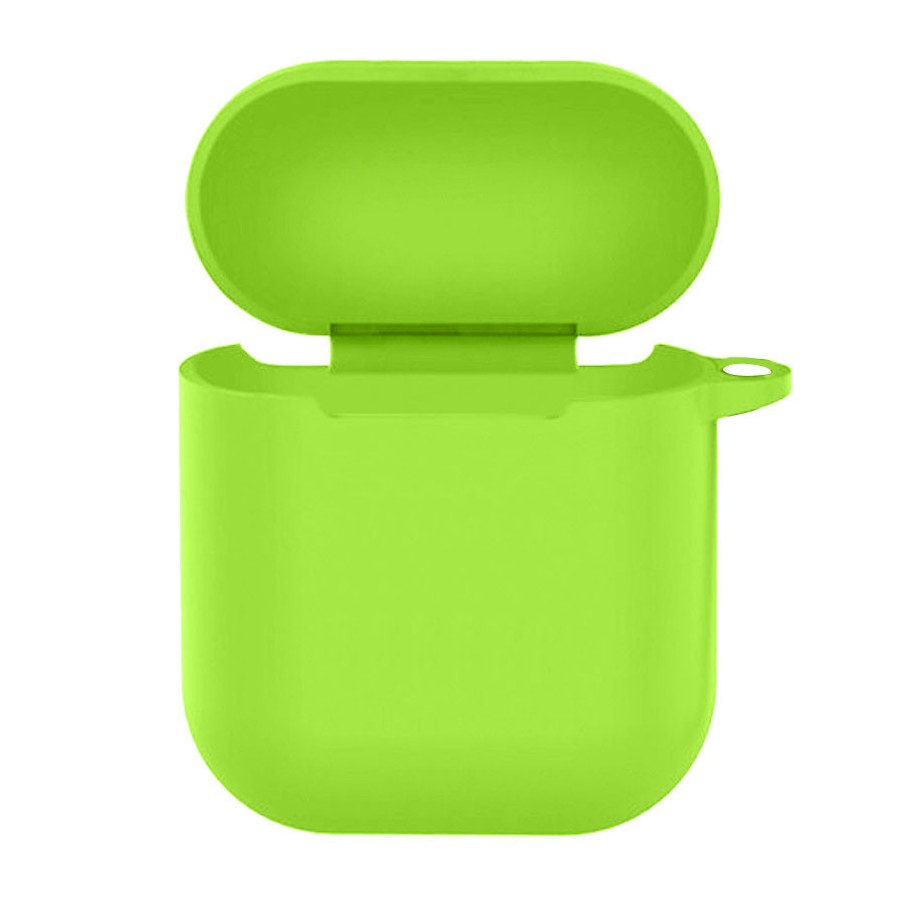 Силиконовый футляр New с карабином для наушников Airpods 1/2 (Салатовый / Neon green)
==
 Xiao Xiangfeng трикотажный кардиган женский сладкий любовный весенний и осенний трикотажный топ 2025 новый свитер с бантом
--
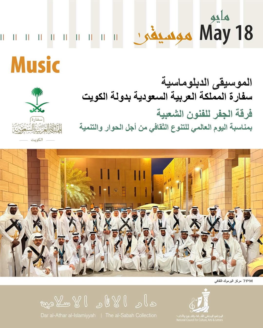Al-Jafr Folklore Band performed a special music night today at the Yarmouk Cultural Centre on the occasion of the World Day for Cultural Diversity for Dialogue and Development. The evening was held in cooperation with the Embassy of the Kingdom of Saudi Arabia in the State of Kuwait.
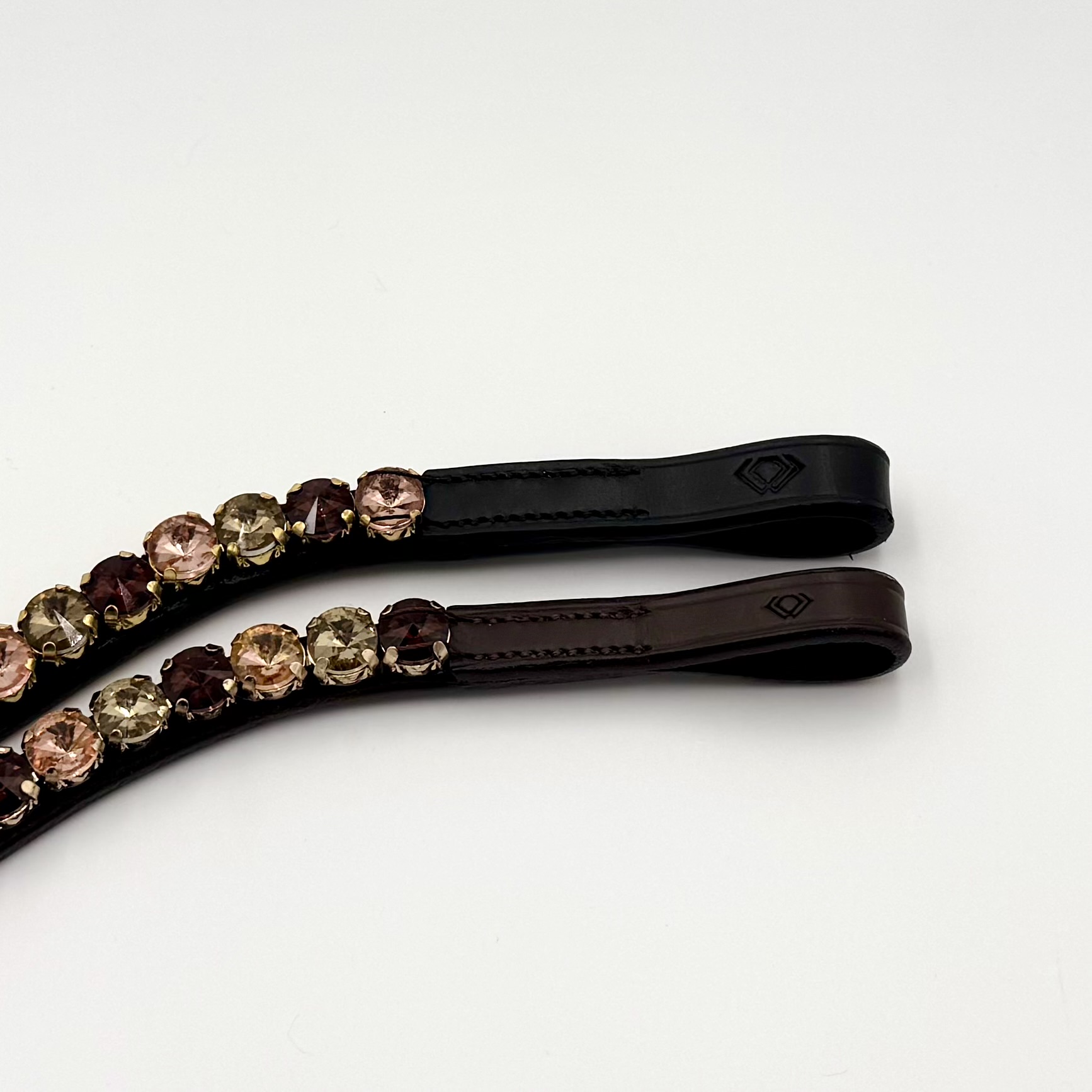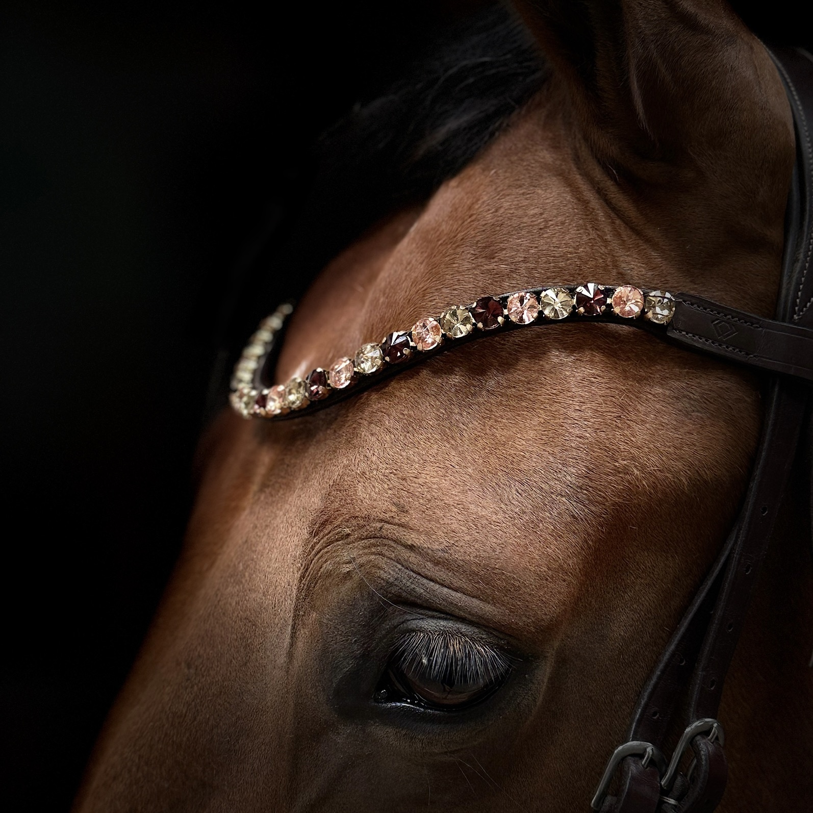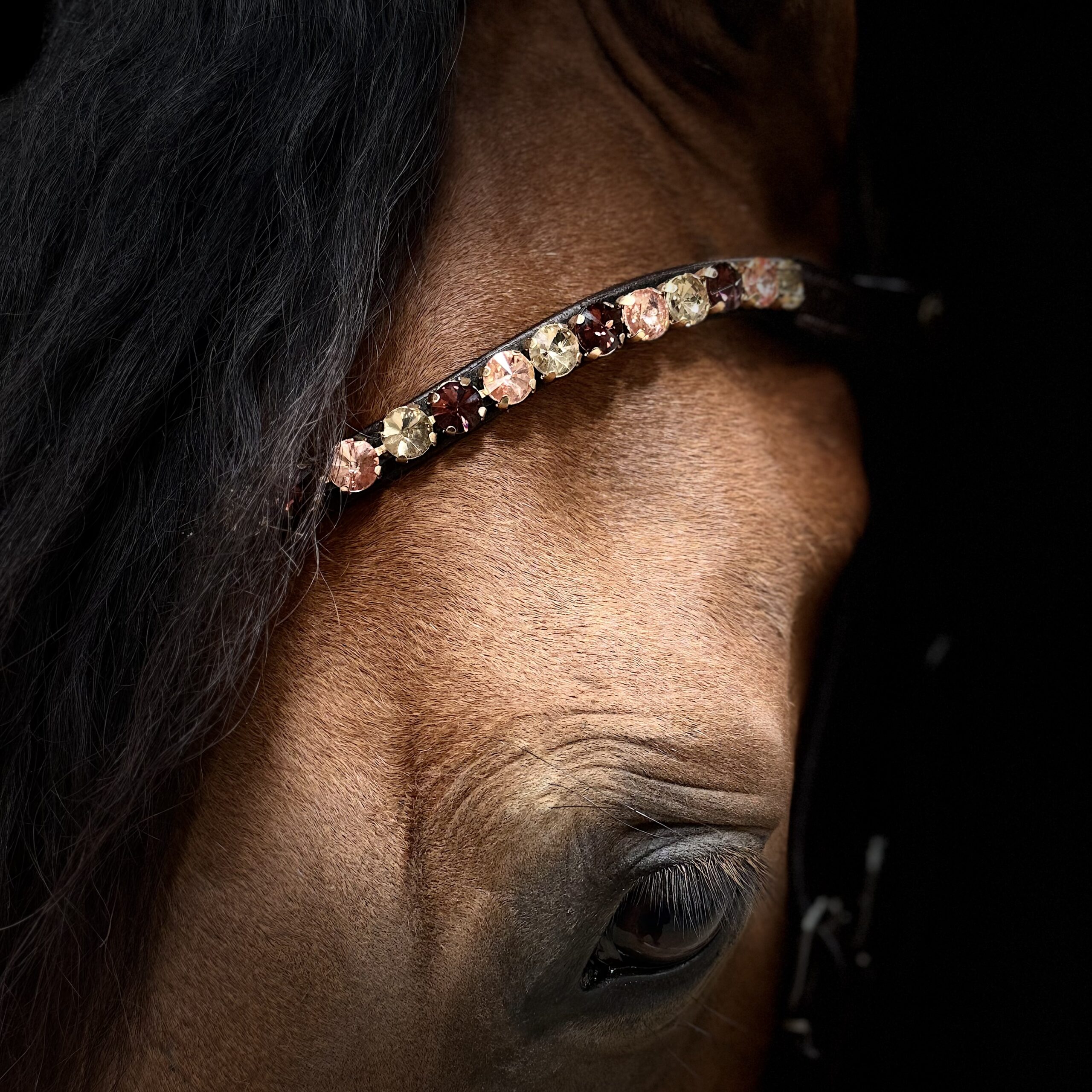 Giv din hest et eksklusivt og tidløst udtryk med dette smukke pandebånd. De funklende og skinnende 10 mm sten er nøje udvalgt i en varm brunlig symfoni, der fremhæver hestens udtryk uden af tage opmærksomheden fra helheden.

### Task statement:
What you write out is the stretch of entries from the line containing "Al-Jafr Folklore Band" to the line containing "Giv din hest", word for word, with both end lines and no pictures.

### Output:
Al-Jafr Folklore Band performed a special music night today at the Yarmouk Cultural Centre on the occasion of the World Day for Cultural Diversity for Dialogue and Development. The evening was held in cooperation with the Embassy of the Kingdom of Saudi Arabia in the State of Kuwait.
 Giv din hest et eksklusivt og tidløst udtryk med dette smukke pandebånd. De funklende og skinnende 10 mm sten er nøje udvalgt i en varm brunlig symfoni, der fremhæver hestens udtryk uden af tage opmærksomheden fra helheden.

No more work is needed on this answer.